EDITOR’S COMMENT: Two weeks. Two big announcements. I’m not going to lie – Rob Noel is not the person I had my money on to announce that they would be stepping down as chief executive of one of the UK’s listed REITs this year.
Eight years is a pretty good tenure for a chief executive, and Noel certainly hasn’t outstayed his welcome.
Okay, the REIT has been topped as the UK’s biggest by industrial hottie SEGRO, and it has seen more than £500m wiped off its value as a result of the continuing malaise on the high street.
But Noel has set the business up to be able to deliver more than 3m sq ft of fresh, new space in London – including a decent amount on the space-starved and much in demand Southbank – as and when the market is ready for it.
And the balance sheet is in decent shape, too. A low LTV of around 27% and cash and facilities of £1.6bn ready to deploy as and when.
But with a sector going through a transformation like never before, a changing of the guards could be exactly what is needed.
As Noel says himself, he’s been going “flat out” for 33 years in the real estate sector, and it is time for a change.
The announcement of his departure came the morning after Mike Slade threw a typically Mike Slade-y bash at Claridges to officially mark his retirement from Helical, a company he sat at the helm of for 30 years, and a month after John Burns’ official retirement party (at the same venue). Burns led Derwent London for 35 years.
Throw into the mix the reshuffle at British Land, which saw veterans Charlie Maudsley and Tim Roberts leave the business, and the departure of David Fischel from intu, and we have an almost fresh set of thinkers to redefine and redesign real estate.
And after last week’s findings from the British Property Federation’s perceptions survey that only 27% of the general population looked favourably on real estate, and the excruciating results of a study by Grosvenor Britain & Ireland this week which revealed that just 2% of the public trusted developers, lord knows we need some new thinking. And new behaviours.
Noel himself says that the changing of the guard is healthy. “Bringing in new blood is vital for the industry,” he says.
The industry is going through unprecedented change. The way in which we live, work and play is wholly different to what it was 10 years ago. The way in which we operate our businesses, deliver for our employees, design, rent and build space has metamorphosed.

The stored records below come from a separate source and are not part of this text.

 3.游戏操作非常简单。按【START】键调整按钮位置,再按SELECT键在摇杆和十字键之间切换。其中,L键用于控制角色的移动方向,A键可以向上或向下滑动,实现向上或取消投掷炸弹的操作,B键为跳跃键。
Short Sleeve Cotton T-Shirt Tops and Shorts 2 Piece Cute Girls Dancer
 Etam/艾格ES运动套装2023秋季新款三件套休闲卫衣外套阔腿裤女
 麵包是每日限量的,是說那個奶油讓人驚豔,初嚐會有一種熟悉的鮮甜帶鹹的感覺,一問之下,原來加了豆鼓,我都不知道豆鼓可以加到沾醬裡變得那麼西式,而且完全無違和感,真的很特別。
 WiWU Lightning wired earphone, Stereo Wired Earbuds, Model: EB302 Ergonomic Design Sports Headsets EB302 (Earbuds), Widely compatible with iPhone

It’s time our leading developers of that space did, too.
Landsec has a real opportunity with whomever it chooses as its successor to Noel to make a big change.

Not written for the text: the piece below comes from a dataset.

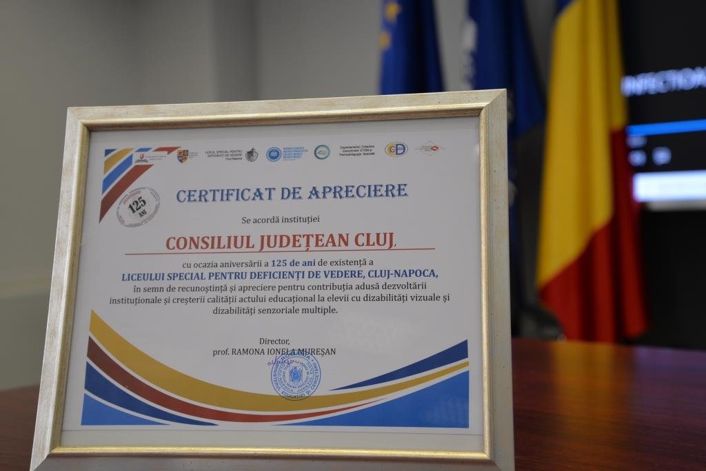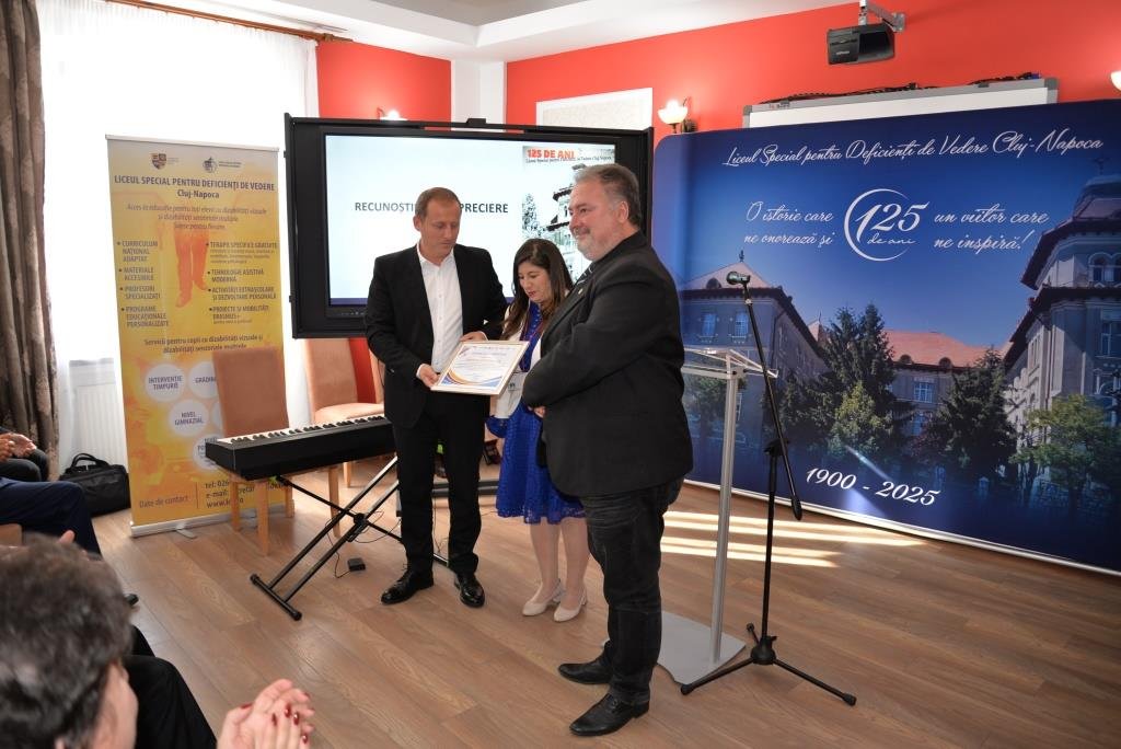 Vicepreședinții Consiliului Județean Cluj, Radu Rațiu și Vákár István, au participat miercuri, 15 octombrie, la evenimentul prilejuit de aniversarea a 125 de ani de existență a Liceului Special pentru Deficienți de Vedere Cluj-Napoca, unitate educațională aflată în subordinea forului administrativ județean.

Helical, Derwent, intu and BL have all chosen “safe” successors. Perfectly capable individuals – smart, knowledgeable individuals – but all incumbents. All “traditional” property types.
Landsec could go rogue. I’d say, it should go rogue. It has time to make a smart hire, a different hire. It has time to think about what the built environment is going to look like when it gets ready to press go on its £3bn development pipeline, and what kind of leader would be best placed to deliver on that vision.
Imagine if the next leader of one of the UK’s largest REITs came from a customer service background, a tech background, a data background, or perhaps even third sector background. What could real estate look like then?